» **Instructions for the task**: Starting at the line that contains "皮奧寧、茶樹油、快樂鼠尾草油、有機蘆薈精華、甘油", transcribe every remaining line of the data below exactly, and omit all pictures.

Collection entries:
***

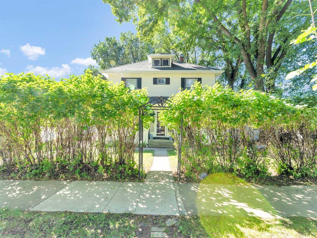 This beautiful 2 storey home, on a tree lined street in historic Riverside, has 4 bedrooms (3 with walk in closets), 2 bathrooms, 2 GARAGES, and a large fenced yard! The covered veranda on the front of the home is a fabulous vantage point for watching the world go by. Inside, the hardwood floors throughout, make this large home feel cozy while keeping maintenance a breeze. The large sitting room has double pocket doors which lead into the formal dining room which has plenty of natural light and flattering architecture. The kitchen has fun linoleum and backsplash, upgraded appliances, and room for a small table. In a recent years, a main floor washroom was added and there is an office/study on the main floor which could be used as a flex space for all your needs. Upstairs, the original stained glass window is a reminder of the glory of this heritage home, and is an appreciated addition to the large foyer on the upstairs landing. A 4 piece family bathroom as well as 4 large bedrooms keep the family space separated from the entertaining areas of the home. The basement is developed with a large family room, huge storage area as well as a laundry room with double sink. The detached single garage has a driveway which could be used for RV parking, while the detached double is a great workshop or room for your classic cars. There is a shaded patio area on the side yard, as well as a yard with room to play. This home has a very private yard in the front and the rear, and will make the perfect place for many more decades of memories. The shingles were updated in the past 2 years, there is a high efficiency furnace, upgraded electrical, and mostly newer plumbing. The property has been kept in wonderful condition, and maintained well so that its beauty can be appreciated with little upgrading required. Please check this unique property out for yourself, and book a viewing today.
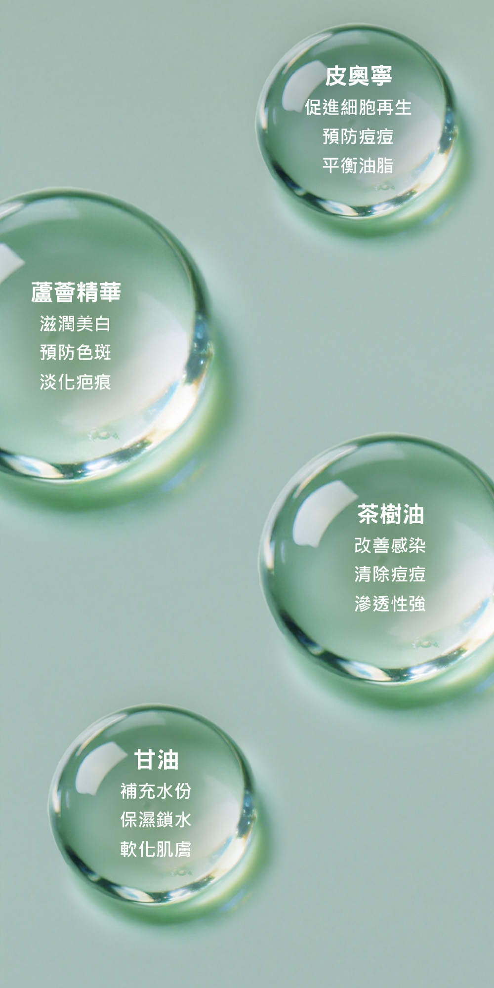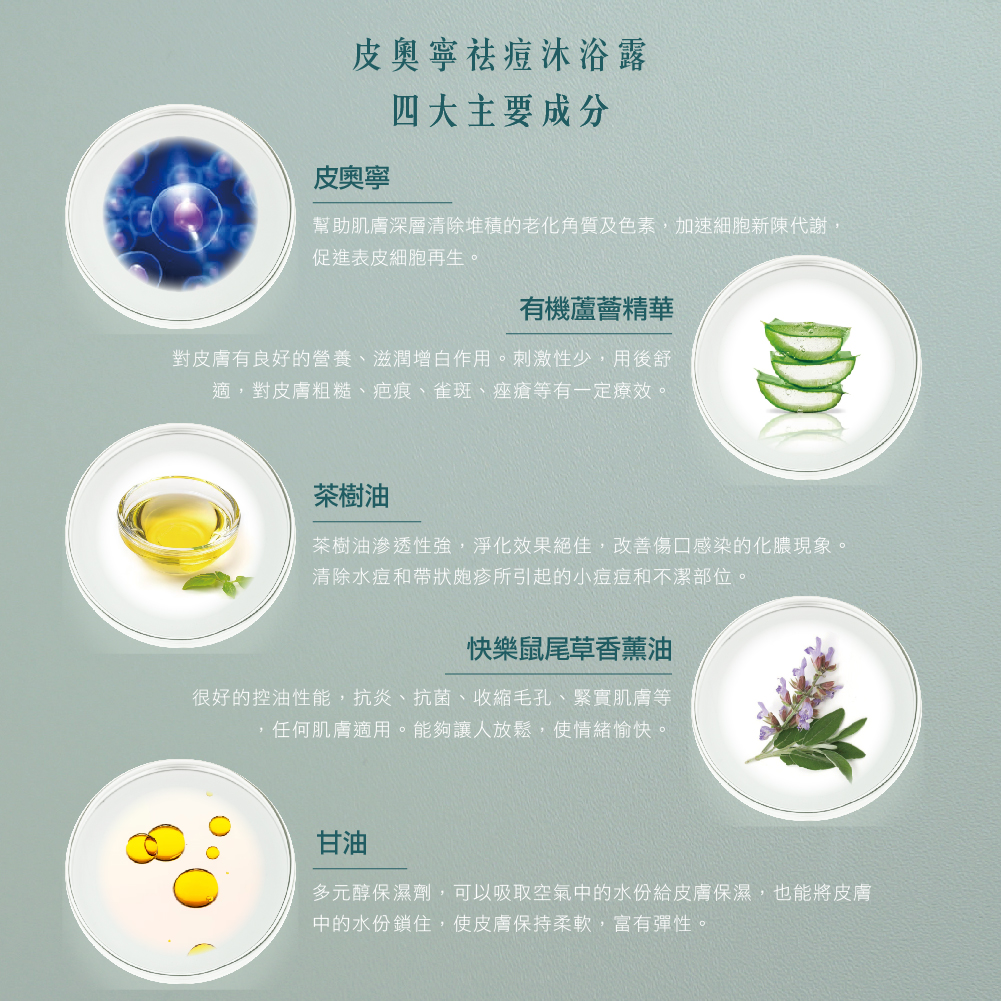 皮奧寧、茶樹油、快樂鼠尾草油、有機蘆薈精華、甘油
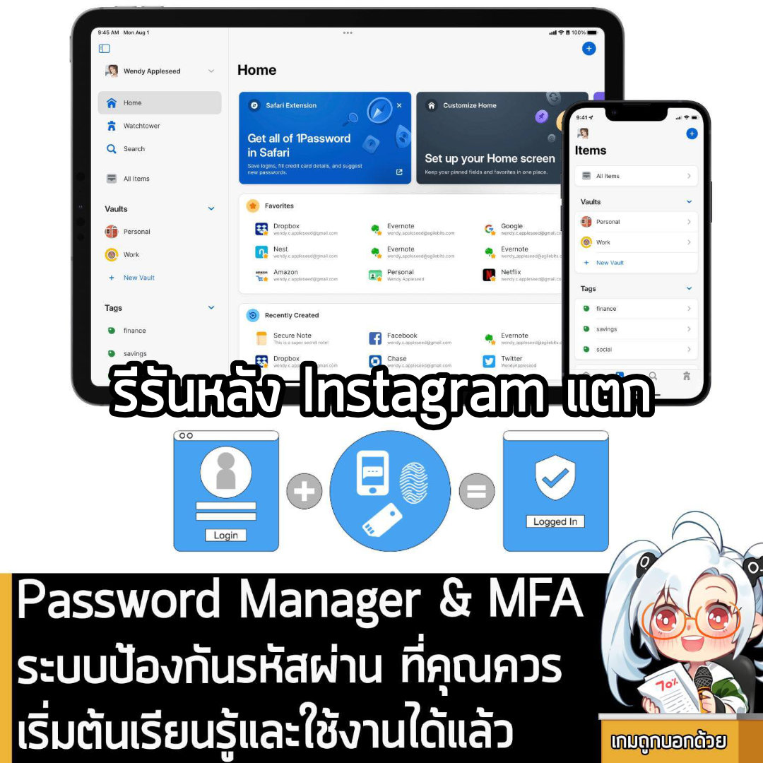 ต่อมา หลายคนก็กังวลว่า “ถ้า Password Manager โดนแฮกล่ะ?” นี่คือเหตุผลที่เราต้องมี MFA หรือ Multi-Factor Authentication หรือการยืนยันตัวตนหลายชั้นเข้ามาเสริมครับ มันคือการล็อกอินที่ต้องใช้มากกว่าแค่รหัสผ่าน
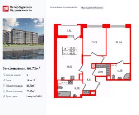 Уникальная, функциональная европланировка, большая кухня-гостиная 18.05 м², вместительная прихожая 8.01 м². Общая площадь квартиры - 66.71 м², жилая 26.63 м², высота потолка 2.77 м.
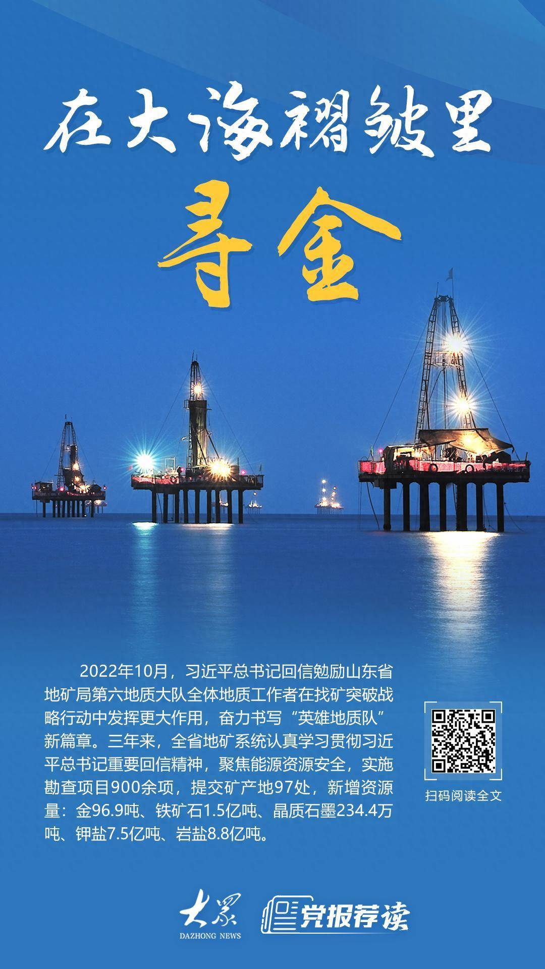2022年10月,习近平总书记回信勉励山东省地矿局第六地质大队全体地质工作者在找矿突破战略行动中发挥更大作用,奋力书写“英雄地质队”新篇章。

***

» **Response area**:
 皮奧寧、茶樹油、快樂鼠尾草油、有機蘆薈精華、甘油
 ต่อมา หลายคนก็กังวลว่า “ถ้า Password Manager โดนแฮกล่ะ?” นี่คือเหตุผลที่เราต้องมี MFA หรือ Multi-Factor Authentication หรือการยืนยันตัวตนหลายชั้นเข้ามาเสริมครับ มันคือการล็อกอินที่ต้องใช้มากกว่าแค่รหัสผ่าน
 Уникальная, функциональная европланировка, большая кухня-гостиная 18.05 м², вместительная прихожая 8.01 м². Общая площадь квартиры - 66.71 м², жилая 26.63 м², высота потолка 2.77 м.
2022年10月,习近平总书记回信勉励山东省地矿局第六地质大队全体地质工作者在找矿突破战略行动中发挥更大作用,奋力书写“英雄地质队”新篇章。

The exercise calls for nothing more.